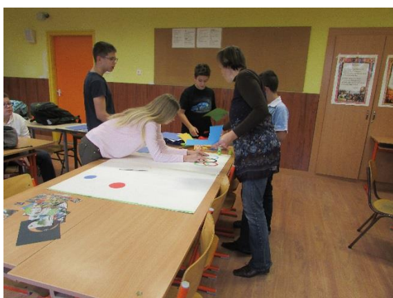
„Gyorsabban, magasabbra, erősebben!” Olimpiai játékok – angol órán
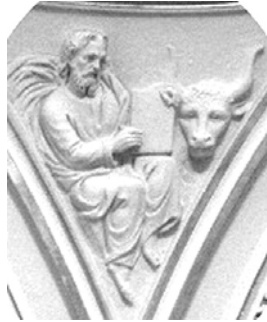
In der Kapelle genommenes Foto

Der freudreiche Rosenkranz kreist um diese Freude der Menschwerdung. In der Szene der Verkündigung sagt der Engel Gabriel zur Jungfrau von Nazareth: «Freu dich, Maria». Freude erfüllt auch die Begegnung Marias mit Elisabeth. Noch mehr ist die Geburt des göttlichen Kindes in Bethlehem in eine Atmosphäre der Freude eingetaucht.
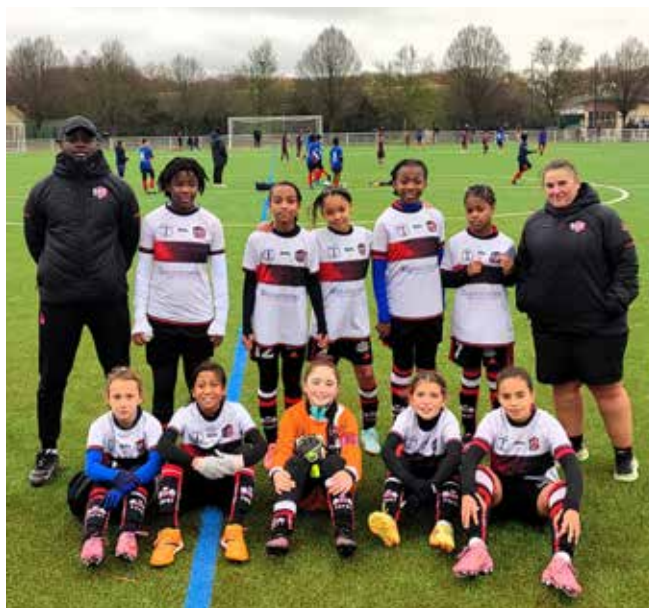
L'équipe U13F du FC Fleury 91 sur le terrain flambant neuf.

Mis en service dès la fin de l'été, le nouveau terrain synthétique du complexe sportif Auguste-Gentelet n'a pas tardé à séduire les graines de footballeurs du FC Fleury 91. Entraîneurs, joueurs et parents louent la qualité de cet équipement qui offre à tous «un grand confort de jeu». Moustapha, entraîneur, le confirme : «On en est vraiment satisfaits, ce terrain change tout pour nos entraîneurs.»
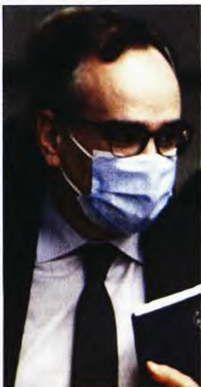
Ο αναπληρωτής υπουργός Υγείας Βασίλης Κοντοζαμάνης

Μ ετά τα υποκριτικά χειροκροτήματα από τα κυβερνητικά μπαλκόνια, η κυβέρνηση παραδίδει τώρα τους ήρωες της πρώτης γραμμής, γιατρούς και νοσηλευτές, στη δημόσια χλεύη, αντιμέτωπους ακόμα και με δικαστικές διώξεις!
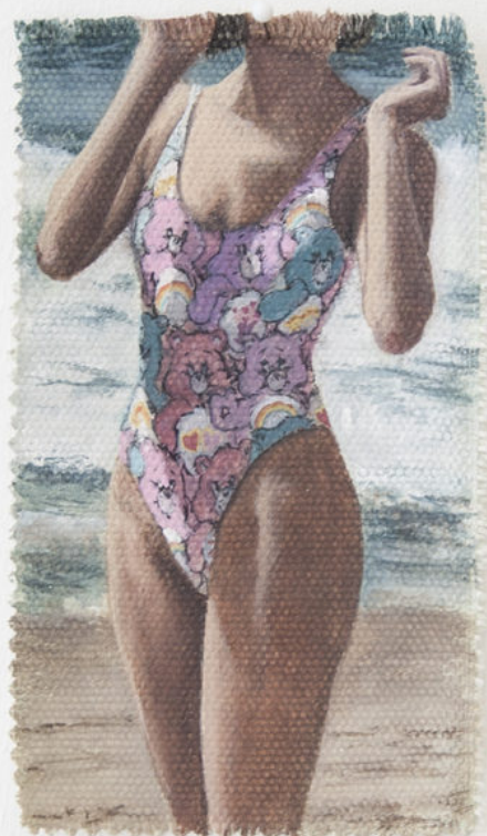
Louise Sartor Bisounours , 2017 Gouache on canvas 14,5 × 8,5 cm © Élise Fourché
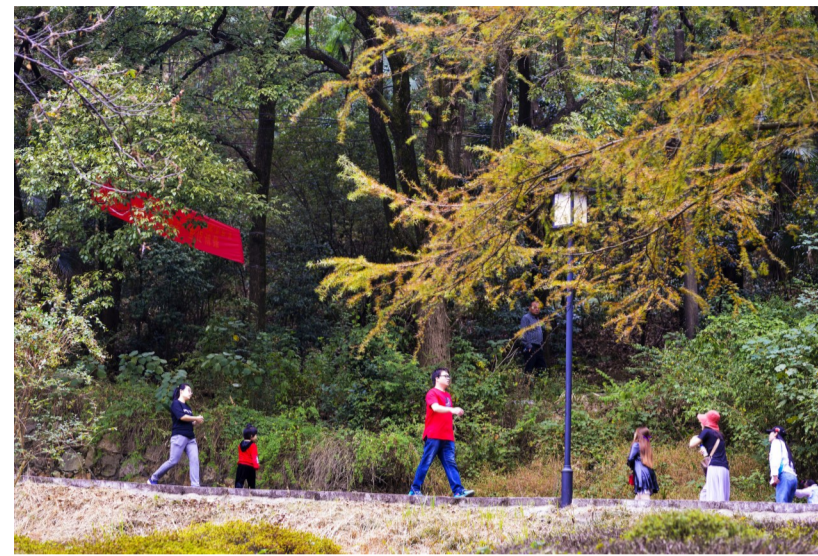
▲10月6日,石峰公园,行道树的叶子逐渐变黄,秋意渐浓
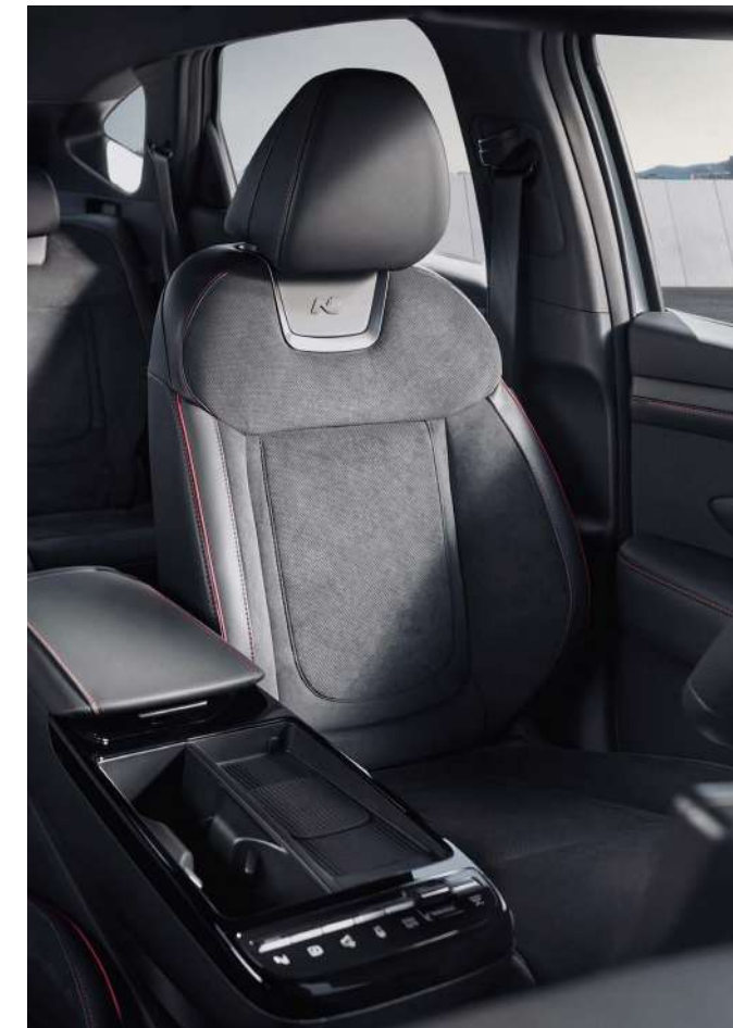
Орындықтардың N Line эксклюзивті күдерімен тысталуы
------
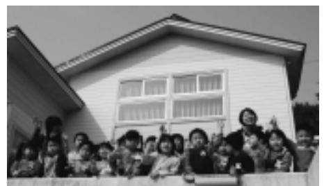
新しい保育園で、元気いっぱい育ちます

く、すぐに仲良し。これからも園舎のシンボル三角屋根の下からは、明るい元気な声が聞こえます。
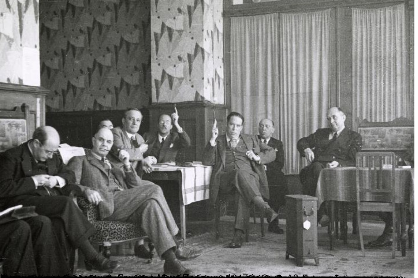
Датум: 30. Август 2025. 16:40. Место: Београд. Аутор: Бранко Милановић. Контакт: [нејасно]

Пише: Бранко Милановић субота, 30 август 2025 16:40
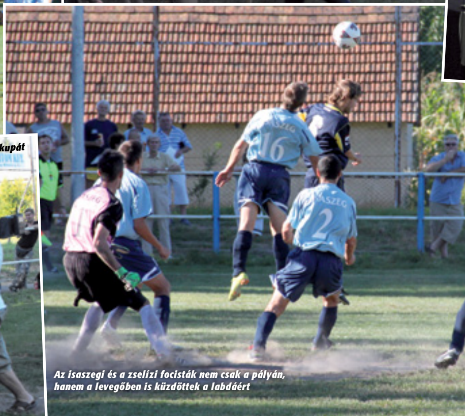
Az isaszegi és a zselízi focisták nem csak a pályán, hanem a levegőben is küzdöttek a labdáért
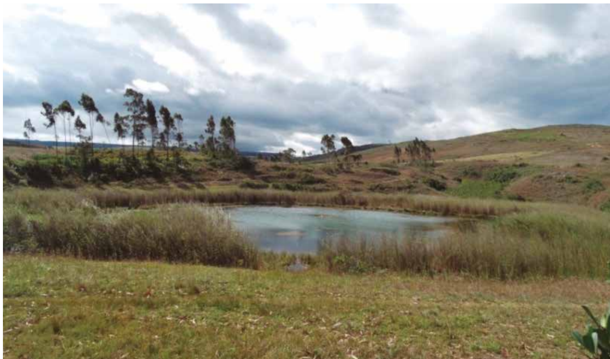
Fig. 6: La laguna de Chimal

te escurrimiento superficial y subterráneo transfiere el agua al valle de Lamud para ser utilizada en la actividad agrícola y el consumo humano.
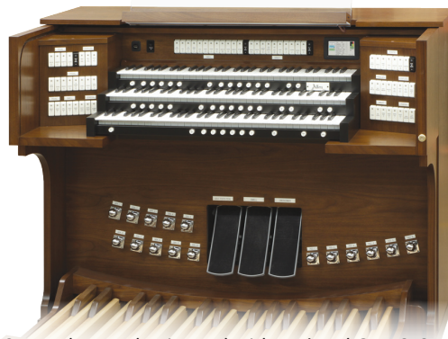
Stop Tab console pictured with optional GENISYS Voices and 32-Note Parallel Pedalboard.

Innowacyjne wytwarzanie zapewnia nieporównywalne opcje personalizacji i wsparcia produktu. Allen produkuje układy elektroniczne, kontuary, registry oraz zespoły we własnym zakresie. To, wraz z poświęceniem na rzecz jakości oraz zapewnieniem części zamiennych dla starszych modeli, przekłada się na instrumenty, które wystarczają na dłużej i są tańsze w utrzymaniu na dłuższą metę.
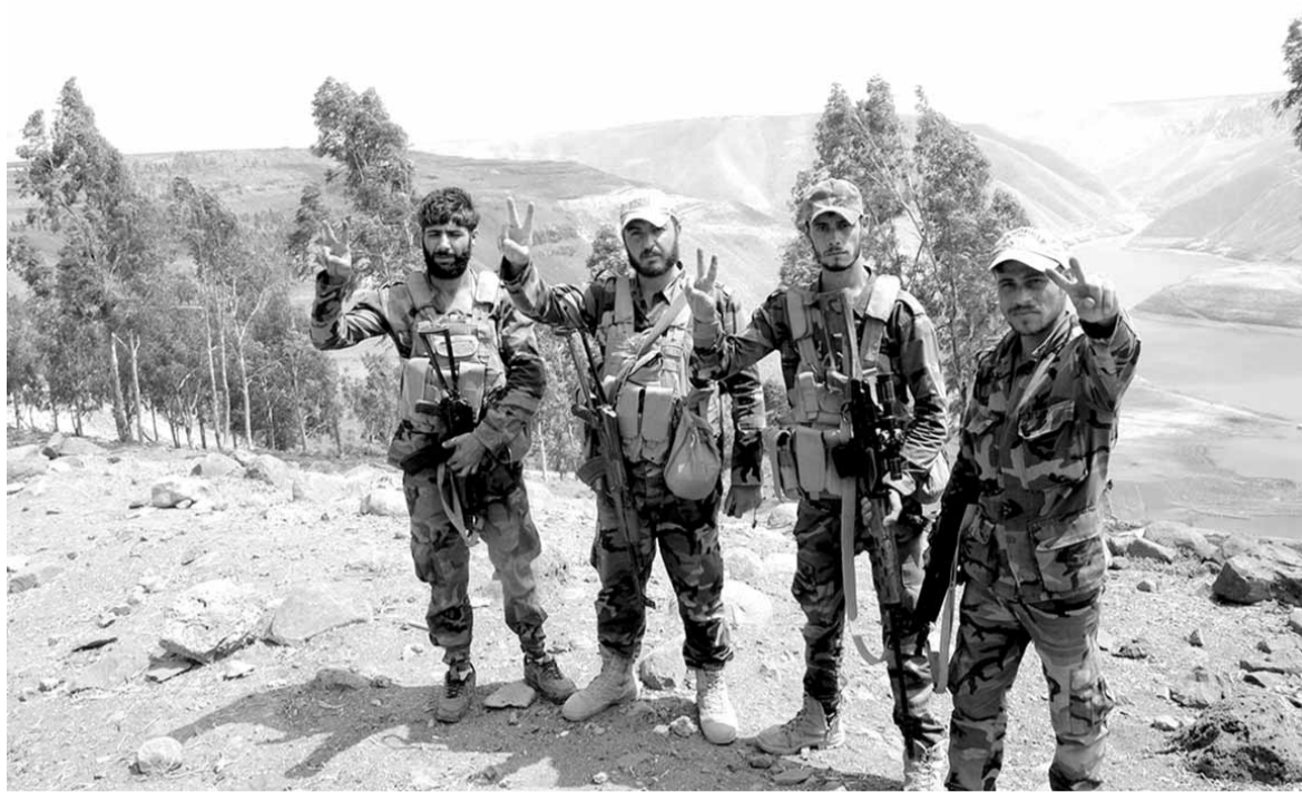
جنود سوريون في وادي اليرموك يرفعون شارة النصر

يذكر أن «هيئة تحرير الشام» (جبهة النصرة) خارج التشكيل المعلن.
------
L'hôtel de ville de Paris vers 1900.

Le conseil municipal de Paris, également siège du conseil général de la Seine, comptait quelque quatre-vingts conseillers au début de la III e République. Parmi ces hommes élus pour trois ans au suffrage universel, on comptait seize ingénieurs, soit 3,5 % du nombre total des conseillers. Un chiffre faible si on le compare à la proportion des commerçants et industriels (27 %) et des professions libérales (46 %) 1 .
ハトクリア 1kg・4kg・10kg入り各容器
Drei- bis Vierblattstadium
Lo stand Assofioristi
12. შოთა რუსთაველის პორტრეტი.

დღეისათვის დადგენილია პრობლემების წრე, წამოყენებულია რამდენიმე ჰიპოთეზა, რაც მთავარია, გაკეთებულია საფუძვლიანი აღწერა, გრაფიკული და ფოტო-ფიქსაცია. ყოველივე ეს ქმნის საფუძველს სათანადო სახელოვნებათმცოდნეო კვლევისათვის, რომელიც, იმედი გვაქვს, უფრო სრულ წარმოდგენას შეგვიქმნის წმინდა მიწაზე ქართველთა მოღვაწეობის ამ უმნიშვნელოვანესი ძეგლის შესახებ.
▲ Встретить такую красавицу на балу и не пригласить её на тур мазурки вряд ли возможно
------
### To do
Count every line of the records that includes "Милановић", and give that number with no other words.

### Written solution
2